The server 104 may push advertising or other sponsored information to device(s) 110. The server 104 may track whether the user watched such advertising or sponsored content, whether the user watched the full content or only part of the content, whether the user muted the content, whether the user closed the content or the player of the content, whether the user engaged with the content, e.g., to clicked on a link included in the advertisement, whether the user participated in sponsored gamification, etc.

The server 104 may ingest or acquire real-time information from a plurality of source(s) 102a to 102n simultaneously and in real-time or near real-time. The server 104 may ingest or acquire information relating to a plurality of games, sporting events, sports, etc., simultaneously. The server 104 may ingest or acquire information relating to, for example, all games of a particular sport, season, tournament, etc. The server 104 may push alerts to user(s) of device(s) 110 relating to events, such as a close game, e.g., a game with a close score, a game entering overtime or extended play, a playoff or other significant game, series, or tournament, win probability, bet payout amount, crowdsourced pre-, intra-, or post-game excitement scoring or predictions, etc.

FIG. 3 illustrates social media activity and game point differential during the course of a particular game. For example, social media activity, ingested from one or more sources 102a to 102n, may include the number of posted tweets relating to the game. In FIG. 3, the abscissa represents game time, the left-hand ordinate represents the number of tweets per five minute interval, and the right-hand ordinate represents the score differential. As illustrated in FIG. 3, the number of tweets 200 relating to the game spiked 204 shortly before the end of the second quarter (first half), while the score differential 202 remained relatively constant, spiked again 206 as the game approached the end of the third quarter, shortly after the score differential 202 peaked, and spiked again 208 slightly after the end of the fourth quarter and the end of the same, after the score differential 202 dropped from its third quarter maximum. The server 104 may detect these spikes in social media activity and issue push alerts at the time, or shortly thereafter, e.g., under one minute, within 10 to 30 seconds, within 5 to 10 seconds, less than 5 seconds, etc., that the spikes 204, 206, 208 occur, which indicate events during the course of the game. It should be understood that the server 104 may issue push alerts based on one source 102a to 102n or based on aggregate data from a plurality of sources 102a to 102n.

FIG. 4 further illustrates the social media activity and game point differential during the course of the game illustrated in FIG. 3. In FIG. 4, the abscissa represents game time, the left-hand ordinate represents the number of tweets per five minute interval (data series marked with the marker ‘x’), and the right-hand ordinate represents the score differential (data series marked with the marker ‘+’).
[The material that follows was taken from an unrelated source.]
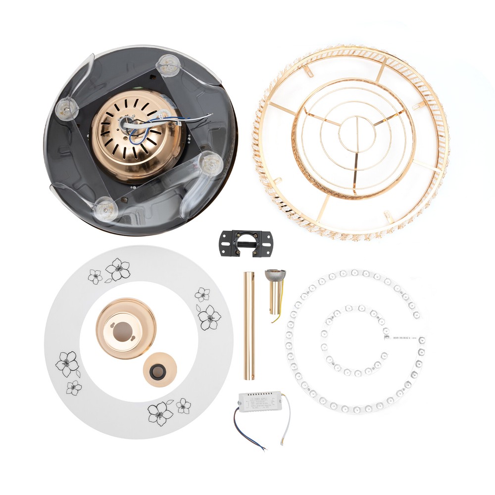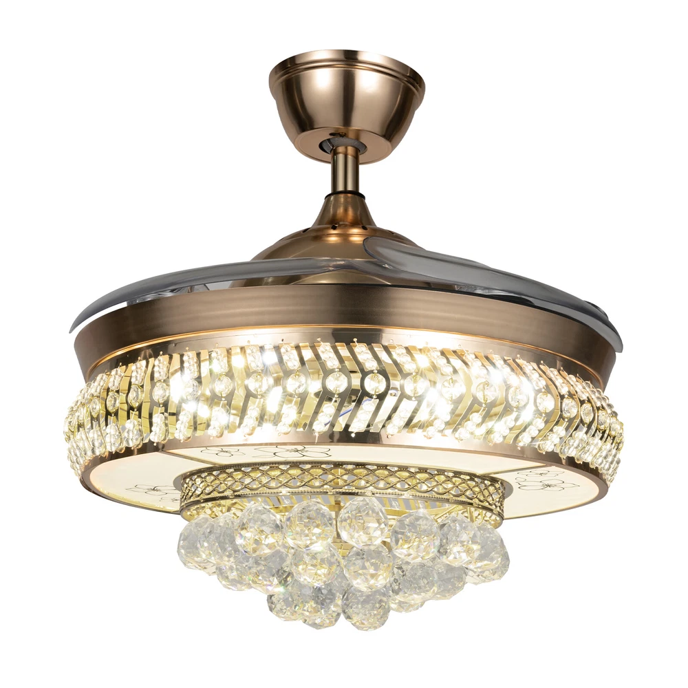 【Remote Control】Integrating turn on light with 3 color changes (white, warm white, neutral white)you can use the remote control to choose the color you like. 【Crystal desige】 the 3-layer body is all decorated with K9 crystal and absolutely stunning when the light is on. Light effect makes your room full of luxury. 【Ceiling Fan】With ABS blades, It can be used as an electric fan, and it can also be used for lighting 【Applications】Ideal for living room, dining room, foyer, villa, bedroom, restaurant, study room, and other places to decorate lighting fixtures. 【Customer Service】If you have any issues, inquiries or need assistance, please feel free to contact us, we will try our best to help you. Style: Modern Type: Ceiling Fan Chandelier Light Source: Led Lighting Board(Include) Switch: remot 42" Luxury Ceiling Fan Light w/ Remote Control LED Fan Lamp Chandelier Fixture ❤Welcome❤ Description The shining lights on the ceiling of your home are also one of the expressions of your aesthetics and taste, and this crystal ceiling fan with lights is your good choice! The unique gold frame, K9 crystals, and ABS material fan blades look elegant and poised, making this product a highlight of your home. The bright and energy-efficient LED strip provides a large enough lighting area to meet your daily lighting needs. With the simple operation of the remote control, you can easily create a cool and bright space. Key Features Durable and Sturdy: An iron frame with an electroplating process, high-quality ABS material fan blades, bright K9 crystal balls, a white acrylic lampshade with printed flower patterns, and a built-in pure copper motor with silicon steel sheet make it more anti-corrosive , wear-resisting , durable and sturdy. Dual Control: You can use the wall switch(not included) to control the lights, or use the equipped remote control to turn on/off the lights and fan within a range of 32ft. Adjustable Wind Speed&Time: Three different fan speeds(low/middle/high) can be set through the remote control, giving a customized experience. Also, the intelligent timing function allows automatically turning off the fan after 1h, 2h, or 4h. Excellent Lighting Effect: The white acryl ic lampshade with flower patterns has a stronger transparency, plus a 107.63-258.33ft ² large illuminated area and three different light colors of 3000-6000K(cold/warm/neutral light), stunning when only turning on the lights and making your room full of luxury and modern sense! Optional Height: Our package contains two down rods (3.93 inches, and 9.84 inches in length), which are suitable for rooms with ceiling heights ranging from 8.2 to 10.5 feet. You can choose the more suitable one to use based on the height of the ceiling in your room. Retractable Design: The ABS material fan blades can automatically stretch/shrink when turned on/off. This design saves space when turned off and makes it stunning for your guests because of the retractable techiness. Low Noise: The noise emitted by the pure copper motor during operation is only about 30 decibels, which does not easily affect you or others. User-friendly Design: Compared with traditional incandescent bulbs, it adopts the LED strip, which can maintain soft, strobe-free lighting effects and bring you higher brightness with lower energy consumption, saving your electricity bills and protecting your eyes. Details Ceiling Plate: It measures 5.7*2.55 inches, increasing the contact area with the ceiling, so that the lamp body is firmly fixed on the ceiling and not easy to fall. Small Indicator: It can help you to have a better grasp of its current operation status and avoid operational errors. Mute Button: During operation, it can help you turn off the sound at key presses and enjoy the quiet environment. Cooling Holes: The cooling holes on the connection plate help timely heat dissipation and reduce noise to a certain extent. Application This crystal ceiling fan with lights is suitable for home and commercial spaces with a ceiling height of 8.2 to 10.5 feet, such as living rooms, restaurants, bedrooms, foyers, farmhouses, bars, galleries, exhibition rooms, hotels, coffee shops, terraces, study rooms, attics, etc, providing 107.63-258.33ft ² of lighting space. Specifications Material: Iron, ABS, Copper, K9 Crystal, Acrylic, Silicon Steel Sheet Color: Gold Remote Control: Yes Assembly Required: Yes Surface Treatment: Electroplating Process; Printed Installation Type: Ceiling Mount Indoor/Outdoor Usage: Indoor Power Source: Corded Electric Control Method: Remote, Wall Switch(Not Included) Battery Type: AAA (Included) Lighting Source: LED Strip Light Color: Cold Light (6000K), Warm Light (3000K), and Neutral Light Timing Function: 1/2/4h Wind Speed: Low, Medium, High Noise: About 30dB Voltage: 110V Max Lighting Power: 36W*2 Fan Power: 65W Remote Control Distance: Within 10m/32ft Illumination Area: 10-24㎡/107.63-258.33ft ² Suggested Installation Height: 2.5-3.2m/8.2-10.5ft Long Down Rod Length: 25cm/9.84inch Short Down Rod Length: 10cm/ 3.93inch Ceiling Plate Size(D*H): 14.5*6.5cm/5.7*2.55inch Gross Weight: 14kg/30.86lbs Net Weight: 12.4kg/27.33lbs Product Size After Unfolding Fan Blades (D*H): 106*69cm/41.73*27.16inch Product Size After Unfolding Fan Blades (D*H): 106*47.5cm/41.73*18.7inch Product Size After Folding Fan Blades (D*H): 48.5*69cm/19.09*27.16inch Product Size After Folding Fan Blades (D*H): 48.5*47.5cm/19.09*18.7inch Package Size: 54.5*53.5*30cm/21.45*21.06*11.81inch Package Included 1*Crystal Ceiling Fan with Lights 1*Remote Control 2*AAA Batteries 1*English Manual All Accessories for Assembly Notes Please carefully read the manual and strictly follow the precautions to have a better experience. It can be installed on a horizontal or inclined ceiling(<25°). Professional installation is recommended. Please do not power on until your fixture is fully assembled. Please allow the slight color difference caused by the shooting light and 1-3cm error du

LIST OF REFERENCE NUMERALS

    • 100 System
    • 102x
    • 104 Server
    • 106 Network/Internet
    • 108 Network/Internet
    • 110 Portable Electronic Device
    • 112 Storage
    • 114 Software
    • 116 Communication Lines
    • 200 Number of Tweets
    • 202 Score Differential
    • 204 Spike
    • 206 Spike
    • 208 Spike

Claims

1. A system, comprising:

a memory unit adapted to store a user profile corresponding to each of a plurality of users, each user profile including user preference information;
a communication unit, adapted to receive, via a first telecommunications network, real-time or near real-time data relating to and during live events; and
a processor adapted to analyze the received data, to detect an occurrence of an event during the live event based on the analyzed data, to associate the detected occurrence of the event to each user according to the user preference information, and to communicate, via a second telecommunications network, the occurrence of the event to each associated user;
wherein the processor is adapted to perform the analysis, the detection, the association, and the communication in real-time or near real-time during the live event.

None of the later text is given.